EXERCISE GOAL
This exercise calls for an exact copy of the data below.

COLLECTED DATA
[Start of Attachment]
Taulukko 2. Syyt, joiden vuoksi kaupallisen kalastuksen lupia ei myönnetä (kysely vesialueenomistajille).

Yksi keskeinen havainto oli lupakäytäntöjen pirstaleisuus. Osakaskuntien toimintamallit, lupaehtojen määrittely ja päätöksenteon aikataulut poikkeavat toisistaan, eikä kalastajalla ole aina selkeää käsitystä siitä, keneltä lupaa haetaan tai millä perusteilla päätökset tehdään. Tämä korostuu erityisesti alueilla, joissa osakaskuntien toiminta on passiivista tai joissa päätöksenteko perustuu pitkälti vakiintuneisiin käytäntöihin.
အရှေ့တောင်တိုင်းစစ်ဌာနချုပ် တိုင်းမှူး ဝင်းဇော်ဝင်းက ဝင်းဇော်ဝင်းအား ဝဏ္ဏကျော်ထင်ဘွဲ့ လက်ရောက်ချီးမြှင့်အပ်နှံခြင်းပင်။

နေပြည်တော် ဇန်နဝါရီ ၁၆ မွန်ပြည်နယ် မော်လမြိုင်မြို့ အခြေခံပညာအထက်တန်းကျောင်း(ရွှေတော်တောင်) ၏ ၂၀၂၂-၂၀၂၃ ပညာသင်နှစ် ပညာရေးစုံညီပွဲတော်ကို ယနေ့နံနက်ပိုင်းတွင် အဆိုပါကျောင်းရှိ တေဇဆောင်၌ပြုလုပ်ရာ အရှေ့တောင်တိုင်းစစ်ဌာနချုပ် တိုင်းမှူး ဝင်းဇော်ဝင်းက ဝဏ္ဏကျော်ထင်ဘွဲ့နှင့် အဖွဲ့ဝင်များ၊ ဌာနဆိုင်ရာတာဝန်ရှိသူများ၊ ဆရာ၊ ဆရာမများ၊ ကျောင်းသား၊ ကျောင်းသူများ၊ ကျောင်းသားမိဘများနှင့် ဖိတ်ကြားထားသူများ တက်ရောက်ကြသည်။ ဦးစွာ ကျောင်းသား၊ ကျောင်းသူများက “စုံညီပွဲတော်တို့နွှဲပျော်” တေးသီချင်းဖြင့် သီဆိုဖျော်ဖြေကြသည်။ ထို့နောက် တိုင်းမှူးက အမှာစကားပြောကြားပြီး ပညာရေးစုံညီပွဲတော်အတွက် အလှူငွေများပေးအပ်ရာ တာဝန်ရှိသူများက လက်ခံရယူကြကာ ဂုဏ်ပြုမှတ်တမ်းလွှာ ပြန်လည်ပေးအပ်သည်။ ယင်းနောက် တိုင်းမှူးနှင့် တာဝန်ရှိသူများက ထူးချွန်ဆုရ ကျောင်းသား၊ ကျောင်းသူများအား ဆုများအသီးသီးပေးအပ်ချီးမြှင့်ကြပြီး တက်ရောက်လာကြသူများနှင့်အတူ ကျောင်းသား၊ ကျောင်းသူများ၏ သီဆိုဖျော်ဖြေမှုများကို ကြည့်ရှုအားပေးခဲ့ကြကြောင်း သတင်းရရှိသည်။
[End of Attachment]
REPLY
Taulukko 2. Syyt, joiden vuoksi kaupallisen kalastuksen lupia ei myönnetä (kysely vesialueenomistajille).

Yksi keskeinen havainto oli lupakäytäntöjen pirstaleisuus. Osakaskuntien toimintamallit, lupaehtojen määrittely ja päätöksenteon aikataulut poikkeavat toisistaan, eikä kalastajalla ole aina selkeää käsitystä siitä, keneltä lupaa haetaan tai millä perusteilla päätökset tehdään. Tämä korostuu erityisesti alueilla, joissa osakaskuntien toiminta on passiivista tai joissa päätöksenteko perustuu pitkälti vakiintuneisiin käytäntöihin.
အရှေ့တောင်တိုင်းစစ်ဌာနချုပ် တိုင်းမှူး ဝင်းဇော်ဝင်းက ဝင်းဇော်ဝင်းအား ဝဏ္ဏကျော်ထင်ဘွဲ့ လက်ရောက်ချီးမြှင့်အပ်နှံခြင်းပင်။

နေပြည်တော် ဇန်နဝါရီ ၁၆ မွန်ပြည်နယ် မော်လမြိုင်မြို့ အခြေခံပညာအထက်တန်းကျောင်း(ရွှေတော်တောင်) ၏ ၂၀၂၂-၂၀၂၃ ပညာသင်နှစ် ပညာရေးစုံညီပွဲတော်ကို ယနေ့နံနက်ပိုင်းတွင် အဆိုပါကျောင်းရှိ တေဇဆောင်၌ပြုလုပ်ရာ အရှေ့တောင်တိုင်းစစ်ဌာနချုပ် တိုင်းမှူး ဝင်းဇော်ဝင်းက ဝဏ္ဏကျော်ထင်ဘွဲ့နှင့် အဖွဲ့ဝင်များ၊ ဌာနဆိုင်ရာတာဝန်ရှိသူများ၊ ဆရာ၊ ဆရာမများ၊ ကျောင်းသား၊ ကျောင်းသူများ၊ ကျောင်းသားမိဘများနှင့် ဖိတ်ကြားထားသူများ တက်ရောက်ကြသည်။ ဦးစွာ ကျောင်းသား၊ ကျောင်းသူများက “စုံညီပွဲတော်တို့နွှဲပျော်” တေးသီချင်းဖြင့် သီဆိုဖျော်ဖြေကြသည်။ ထို့နောက် တိုင်းမှူးက အမှာစကားပြောကြားပြီး ပညာရေးစုံညီပွဲတော်အတွက် အလှူငွေများပေးအပ်ရာ တာဝန်ရှိသူများက လက်ခံရယူကြကာ ဂုဏ်ပြုမှတ်တမ်းလွှာ ပြန်လည်ပေးအပ်သည်။ ယင်းနောက် တိုင်းမှူးနှင့် တာဝန်ရှိသူများက ထူးချွန်ဆုရ ကျောင်းသား၊ ကျောင်းသူများအား ဆုများအသီးသီးပေးအပ်ချီးမြှင့်ကြပြီး တက်ရောက်လာကြသူများနှင့်အတူ ကျောင်းသား၊ ကျောင်းသူများ၏ သီဆိုဖျော်ဖြေမှုများကို ကြည့်ရှုအားပေးခဲ့ကြကြောင်း သတင်းရရှိသည်။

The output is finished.